Homework 7: Phonetic features

Posted Wednesday October 22nd; due Tuesday October 28th.

1. More phonetic transcription

Transcribe the following sentences using the IPA. Use the phonetic symbols given in Fromkin & Rodman's textbook, and be careful to avoid being misled by the English spellings!
 
a. The quick brown fox jumped over the lazy dog.
b. The University of Delaware is located in Newark.
c. Wilmington is on this side of Philadelphia.
d. Socks is the first cat, and performs many official functions.

2. Phonetic features

Fromkin & Rodman: Exercises 5 & 6 (p.213)

3. English plural & past tense allomorphs revisited

Recall from our discussion of morphology that there are 3 allomorphs of the English plural morpheme (-s) and three allomorphs of the English past tense morpheme (-ed). When we discussed these before we gave fairly imprecise descriptions of when the different allomorphs are used. Now, with a little phonetics under your belt, you should be able to give a much more precise account of when the different allomorphs are used.

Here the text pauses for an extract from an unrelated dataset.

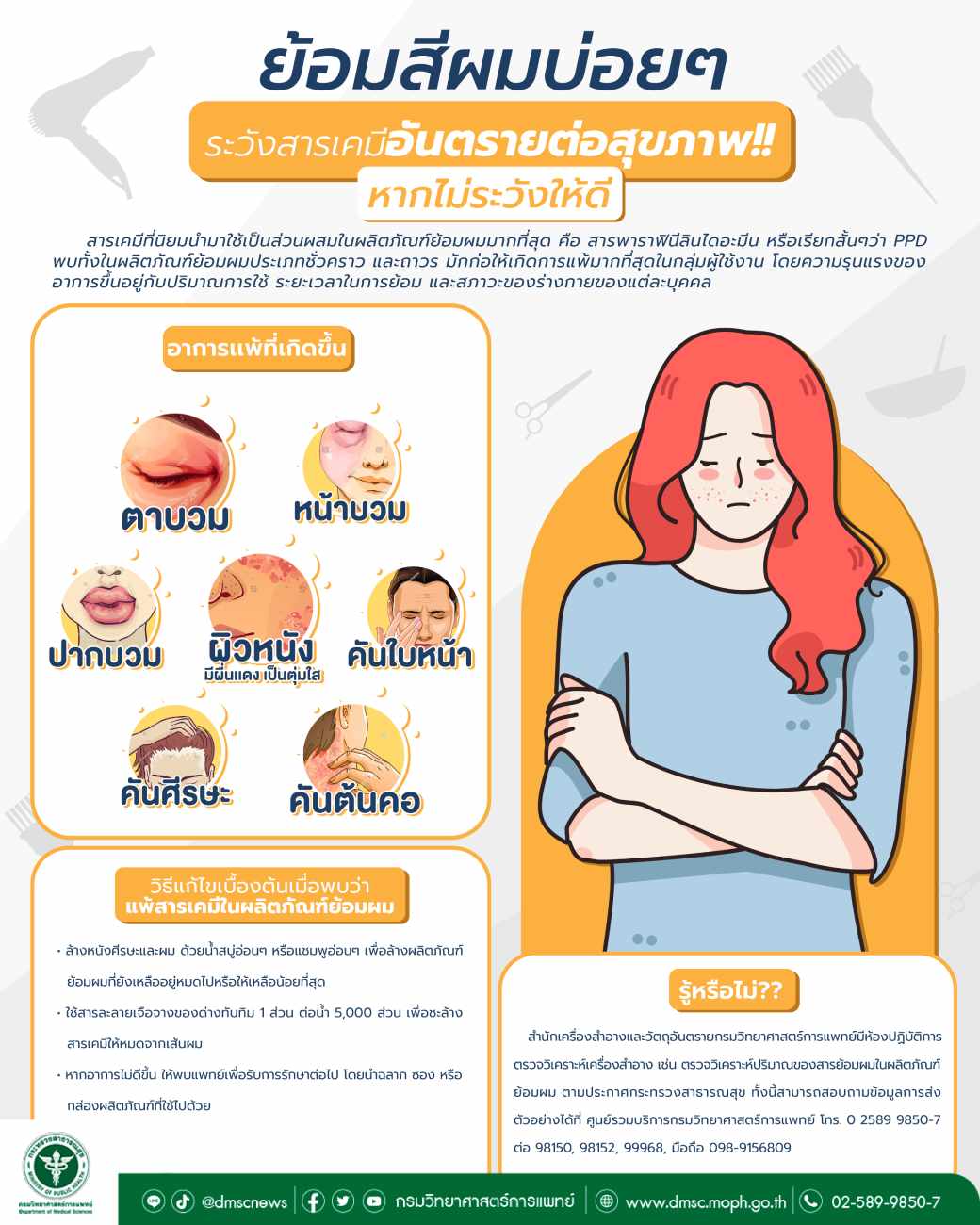 📍วิธีแก้ไขเบื้องต้นเมื่อพบว่าแพ้สารเคมีในผลิตภัณฑ์ย้อมผม

4. Extra Credit: Speech Demonstrations on the Web

Visit the following two web-sites, which contain instructional demonstrations of how speech sounds are produced and perceived. You will need to use a computer which can play sound-files. All Macintoshes will be able to do this; some, but not all, Windows PCs will be able to do this.
 
San Francisco Science Museum (Exploratorium): Vocal Vowels
 
Haskins Laboratories (New Haven, CT): Sine-Wave Speech
 
The Exploratorium demonstration gives an illustration of how vocal tract shape determines vowel sounds; the Haskins Labs demonstration shows how a (crude) version of a spoken utterance can be created by the combination of a number of different tone 'whistles' (pay particular attention to the 'Tone Combinations' page.
 
Write a brief description of what the demonstrations show, and what you learned from them.